Source records:
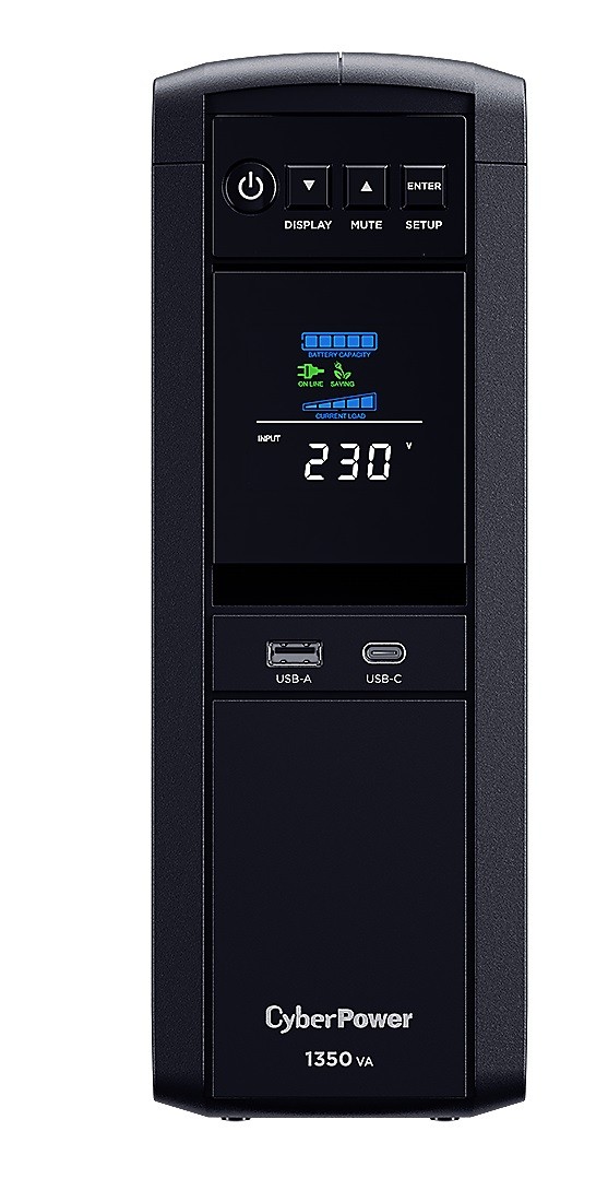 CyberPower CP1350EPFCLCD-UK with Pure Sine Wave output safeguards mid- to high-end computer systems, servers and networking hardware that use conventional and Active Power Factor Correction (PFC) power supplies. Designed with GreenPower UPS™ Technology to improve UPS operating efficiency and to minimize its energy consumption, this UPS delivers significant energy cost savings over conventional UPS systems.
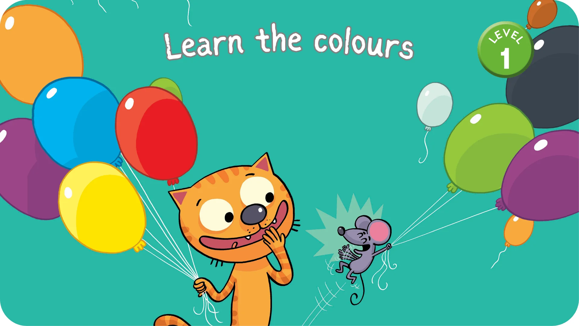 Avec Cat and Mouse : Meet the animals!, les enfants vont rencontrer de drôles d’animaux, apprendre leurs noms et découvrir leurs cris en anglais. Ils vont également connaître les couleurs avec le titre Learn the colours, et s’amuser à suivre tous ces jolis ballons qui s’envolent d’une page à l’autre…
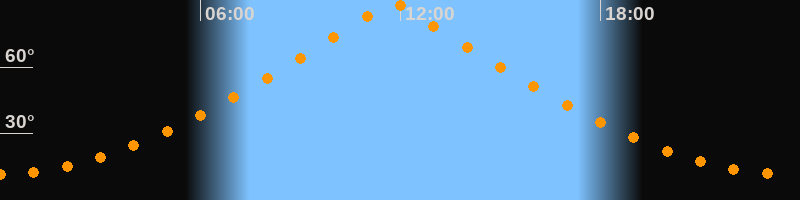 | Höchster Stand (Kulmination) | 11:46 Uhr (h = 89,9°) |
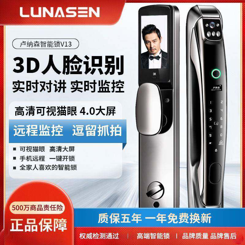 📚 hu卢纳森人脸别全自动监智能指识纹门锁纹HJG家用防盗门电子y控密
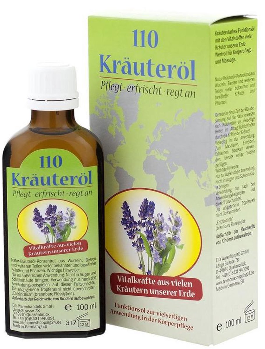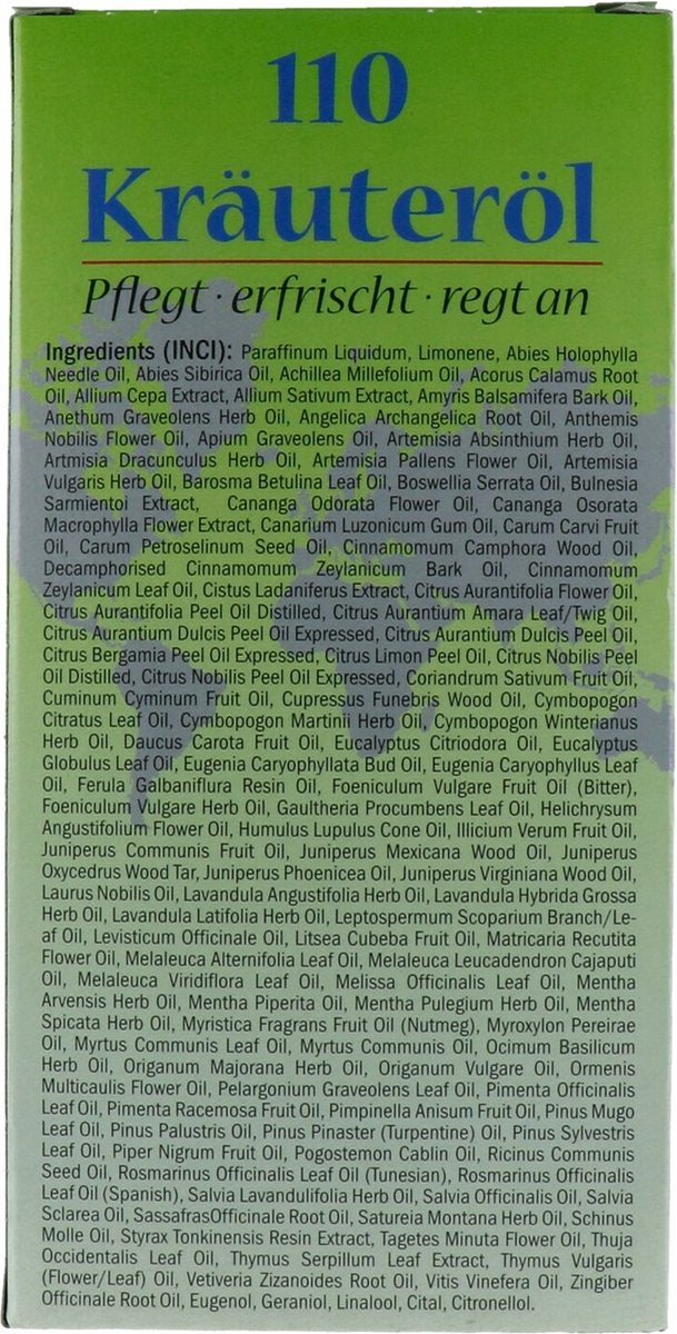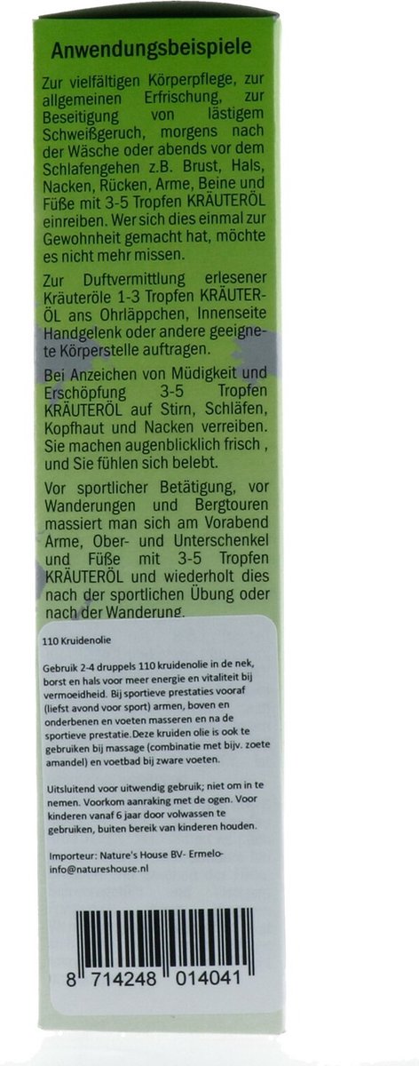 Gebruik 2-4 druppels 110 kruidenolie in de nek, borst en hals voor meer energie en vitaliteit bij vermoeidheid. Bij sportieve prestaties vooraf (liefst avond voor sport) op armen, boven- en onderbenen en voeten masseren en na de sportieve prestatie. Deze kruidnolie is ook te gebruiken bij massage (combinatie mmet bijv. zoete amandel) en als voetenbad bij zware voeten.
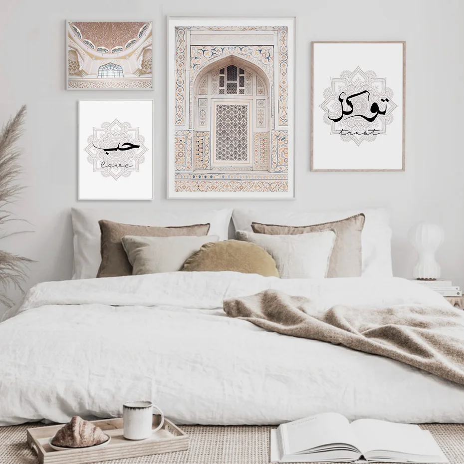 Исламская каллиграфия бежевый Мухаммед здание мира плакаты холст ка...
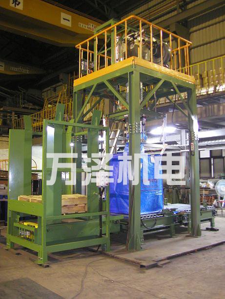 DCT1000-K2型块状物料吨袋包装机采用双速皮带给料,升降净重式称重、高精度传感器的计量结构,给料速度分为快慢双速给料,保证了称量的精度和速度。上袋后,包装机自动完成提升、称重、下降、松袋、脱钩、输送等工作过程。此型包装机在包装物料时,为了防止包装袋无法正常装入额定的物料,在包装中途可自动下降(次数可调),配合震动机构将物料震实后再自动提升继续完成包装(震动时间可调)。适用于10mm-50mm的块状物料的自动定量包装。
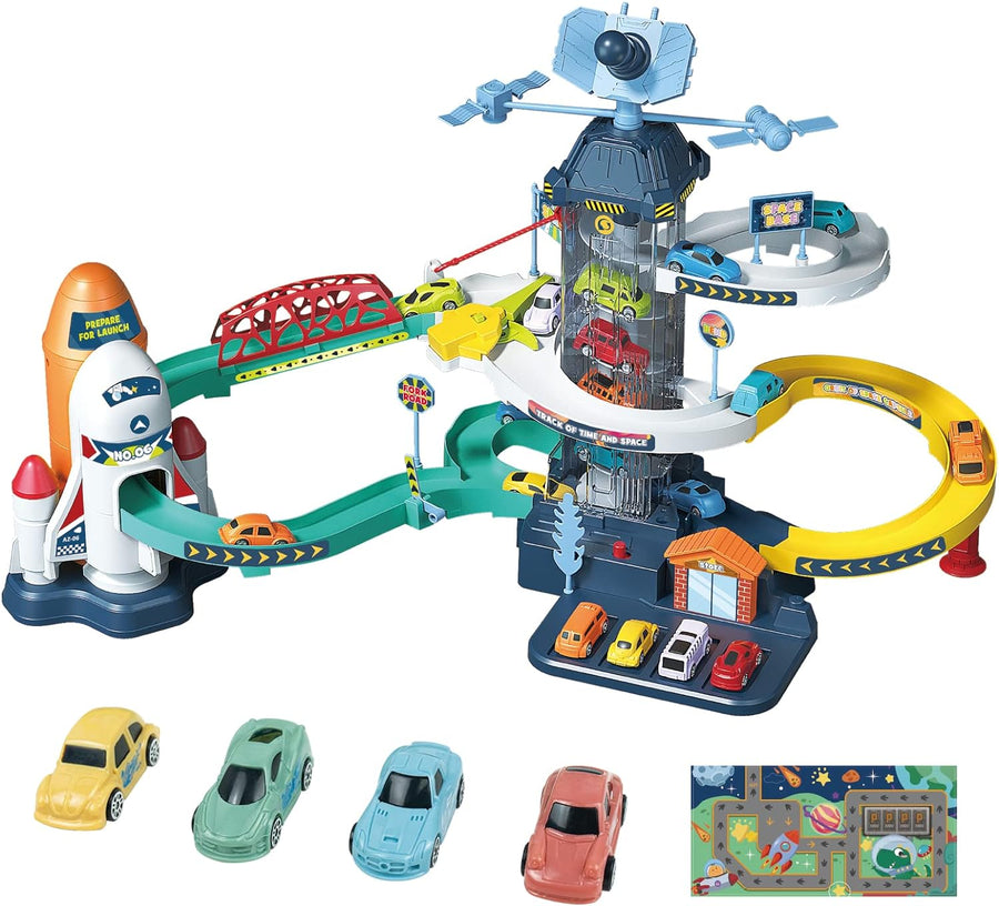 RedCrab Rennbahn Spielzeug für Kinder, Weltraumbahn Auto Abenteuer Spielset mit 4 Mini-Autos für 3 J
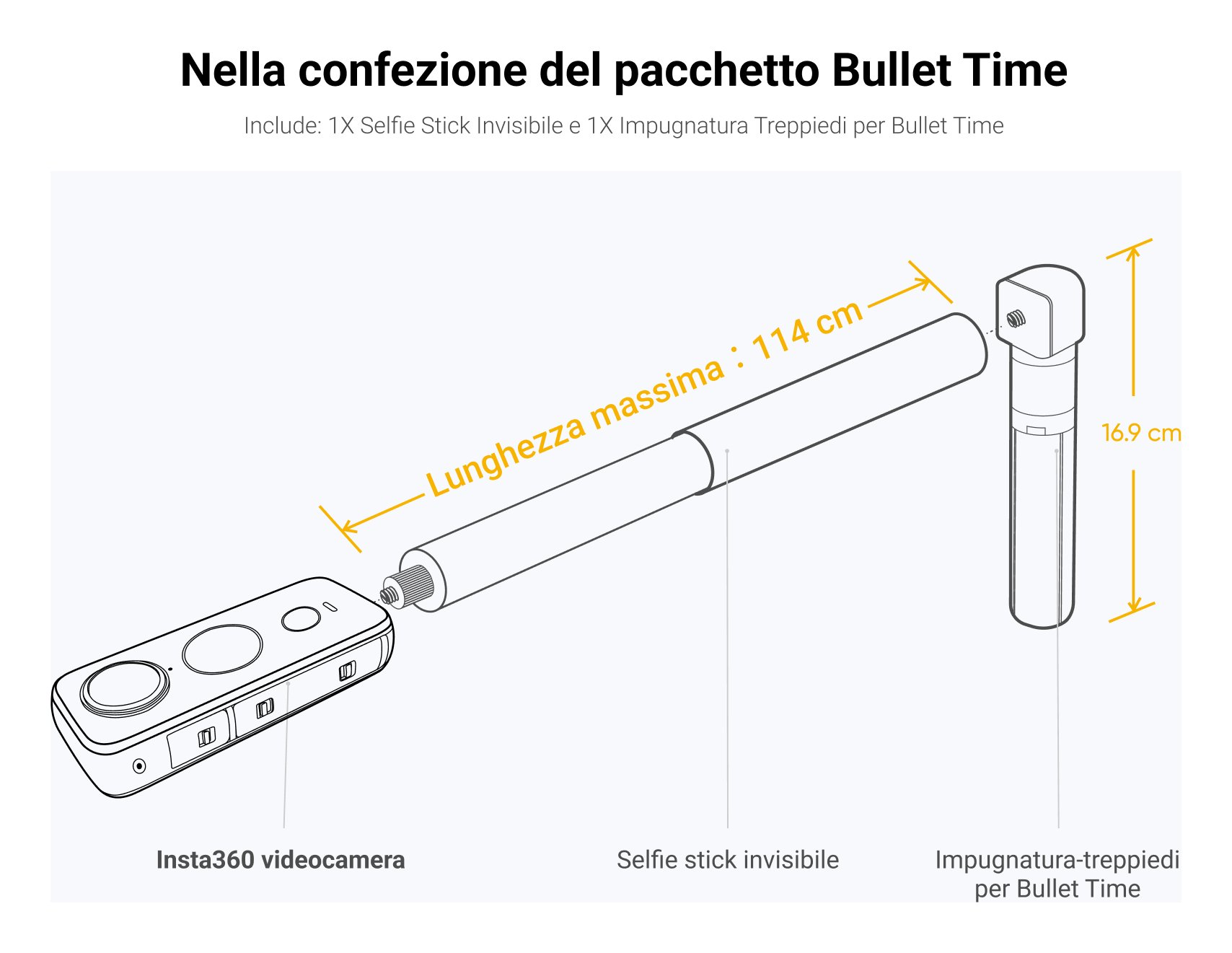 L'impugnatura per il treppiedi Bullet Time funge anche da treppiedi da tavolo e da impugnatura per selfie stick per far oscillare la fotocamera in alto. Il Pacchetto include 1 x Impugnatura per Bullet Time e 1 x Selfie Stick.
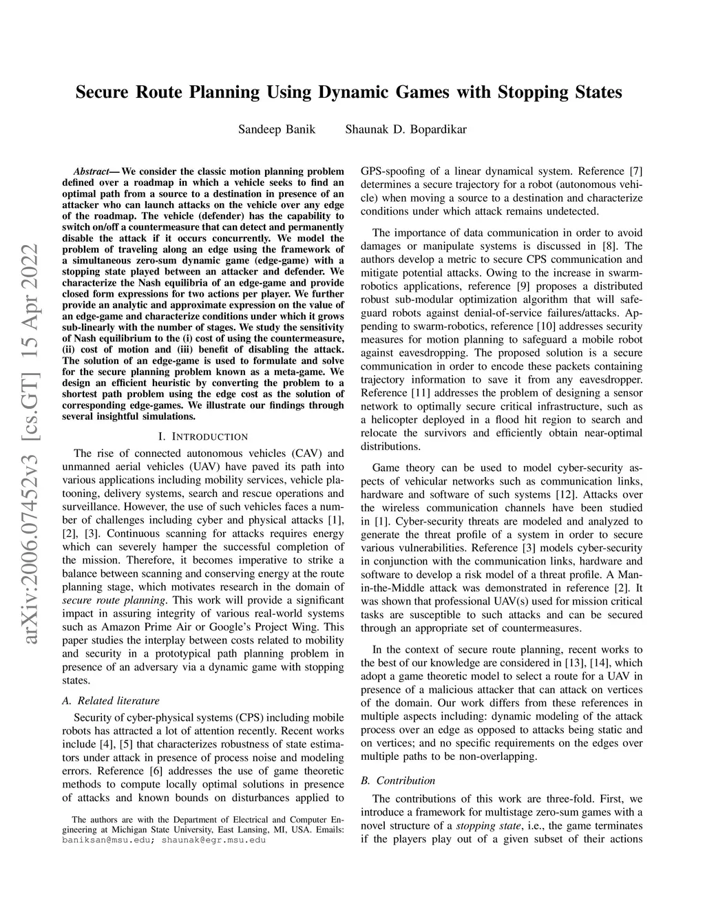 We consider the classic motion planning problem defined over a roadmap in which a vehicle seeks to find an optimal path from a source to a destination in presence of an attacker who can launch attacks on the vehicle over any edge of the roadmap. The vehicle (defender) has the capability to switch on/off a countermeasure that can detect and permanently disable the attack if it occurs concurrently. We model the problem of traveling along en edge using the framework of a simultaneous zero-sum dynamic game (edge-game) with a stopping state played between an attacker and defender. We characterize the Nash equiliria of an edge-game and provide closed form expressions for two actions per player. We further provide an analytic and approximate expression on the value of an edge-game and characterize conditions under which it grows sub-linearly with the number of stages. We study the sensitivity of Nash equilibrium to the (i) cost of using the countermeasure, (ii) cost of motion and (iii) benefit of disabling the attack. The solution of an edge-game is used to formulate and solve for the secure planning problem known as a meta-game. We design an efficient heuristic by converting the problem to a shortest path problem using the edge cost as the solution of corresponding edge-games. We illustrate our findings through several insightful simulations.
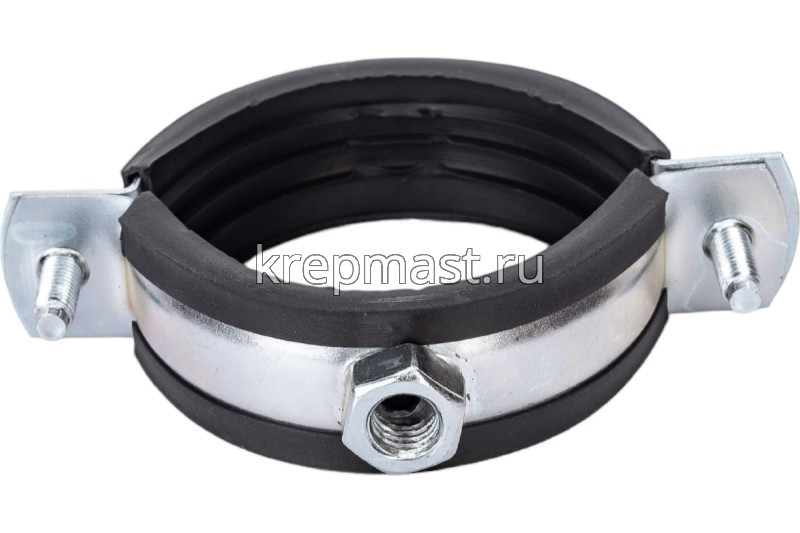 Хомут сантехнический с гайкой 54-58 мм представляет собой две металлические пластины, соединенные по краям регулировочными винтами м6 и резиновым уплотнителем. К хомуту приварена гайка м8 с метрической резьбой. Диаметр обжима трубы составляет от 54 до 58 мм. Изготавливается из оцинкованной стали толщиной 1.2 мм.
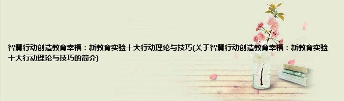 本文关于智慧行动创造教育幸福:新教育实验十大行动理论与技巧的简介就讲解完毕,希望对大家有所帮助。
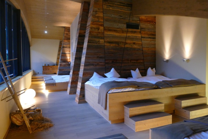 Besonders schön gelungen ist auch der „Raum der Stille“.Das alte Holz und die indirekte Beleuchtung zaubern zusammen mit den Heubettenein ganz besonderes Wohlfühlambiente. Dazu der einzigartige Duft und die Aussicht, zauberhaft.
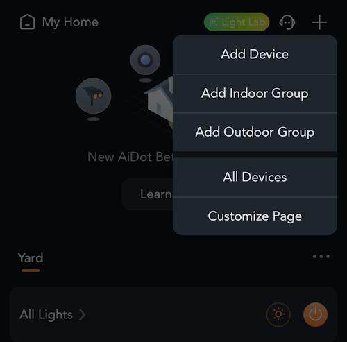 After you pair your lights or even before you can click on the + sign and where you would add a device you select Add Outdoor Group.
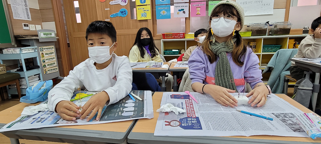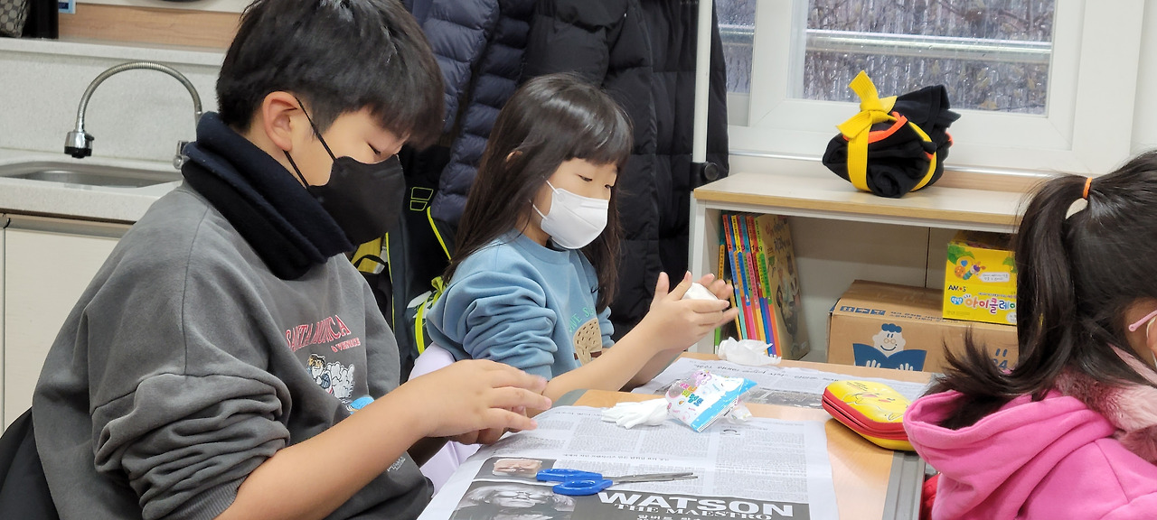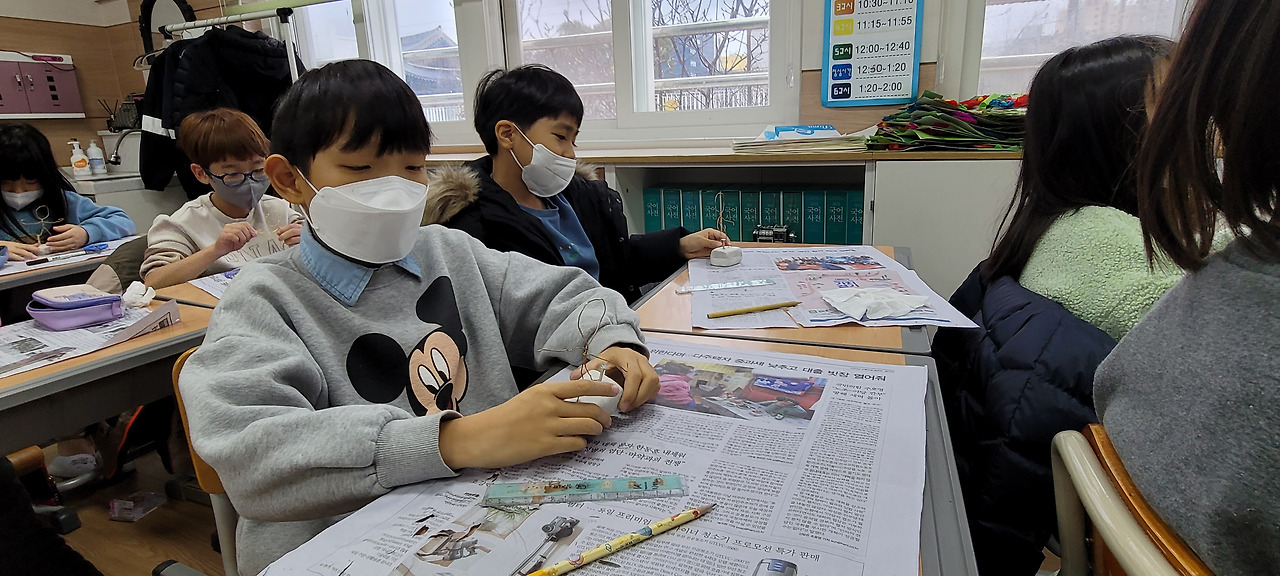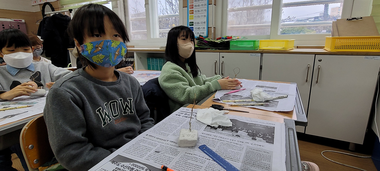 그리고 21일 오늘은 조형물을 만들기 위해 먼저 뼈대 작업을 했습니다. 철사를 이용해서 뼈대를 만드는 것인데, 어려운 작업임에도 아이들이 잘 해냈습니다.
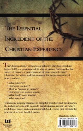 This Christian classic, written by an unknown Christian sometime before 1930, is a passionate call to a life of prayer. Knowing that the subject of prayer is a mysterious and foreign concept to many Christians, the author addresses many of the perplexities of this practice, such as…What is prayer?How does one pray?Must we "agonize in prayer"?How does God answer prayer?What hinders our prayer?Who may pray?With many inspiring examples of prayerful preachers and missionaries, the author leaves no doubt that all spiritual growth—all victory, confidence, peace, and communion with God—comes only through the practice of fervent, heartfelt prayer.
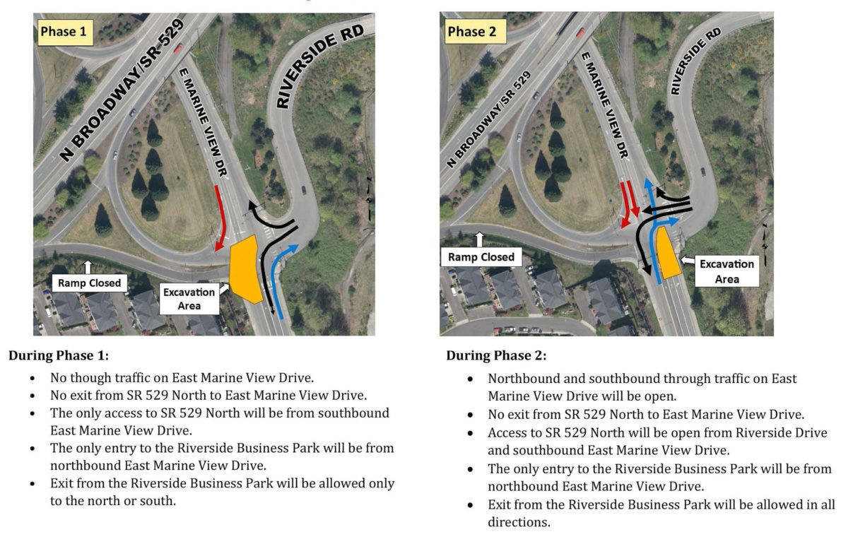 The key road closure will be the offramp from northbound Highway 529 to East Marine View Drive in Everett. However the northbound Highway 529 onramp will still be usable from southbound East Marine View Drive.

◆ **DIRECTIONS FOR THIS TASK**
Transcribe exactly the lines that go from the one holding "本文关于智慧行动创造教育幸福" through the last line of the entries, both included, and nothing besides them. Do not include any pictures.

◆ **SOLUTION FOR THIS PROBLEM**
 本文关于智慧行动创造教育幸福:新教育实验十大行动理论与技巧的简介就讲解完毕,希望对大家有所帮助。
 Besonders schön gelungen ist auch der „Raum der Stille“.Das alte Holz und die indirekte Beleuchtung zaubern zusammen mit den Heubettenein ganz besonderes Wohlfühlambiente. Dazu der einzigartige Duft und die Aussicht, zauberhaft.
 After you pair your lights or even before you can click on the + sign and where you would add a device you select Add Outdoor Group.
 그리고 21일 오늘은 조형물을 만들기 위해 먼저 뼈대 작업을 했습니다. 철사를 이용해서 뼈대를 만드는 것인데, 어려운 작업임에도 아이들이 잘 해냈습니다.
 This Christian classic, written by an unknown Christian sometime before 1930, is a passionate call to a life of prayer. Knowing that the subject of prayer is a mysterious and foreign concept to many Christians, the author addresses many of the perplexities of this practice, such as…What is prayer?How does one pray?Must we "agonize in prayer"?How does God answer prayer?What hinders our prayer?Who may pray?With many inspiring examples of prayerful preachers and missionaries, the author leaves no doubt that all spiritual growth—all victory, confidence, peace, and communion with God—comes only through the practice of fervent, heartfelt prayer.
 The key road closure will be the offramp from northbound Highway 529 to East Marine View Drive in Everett. However the northbound Highway 529 onramp will still be usable from southbound East Marine View Drive.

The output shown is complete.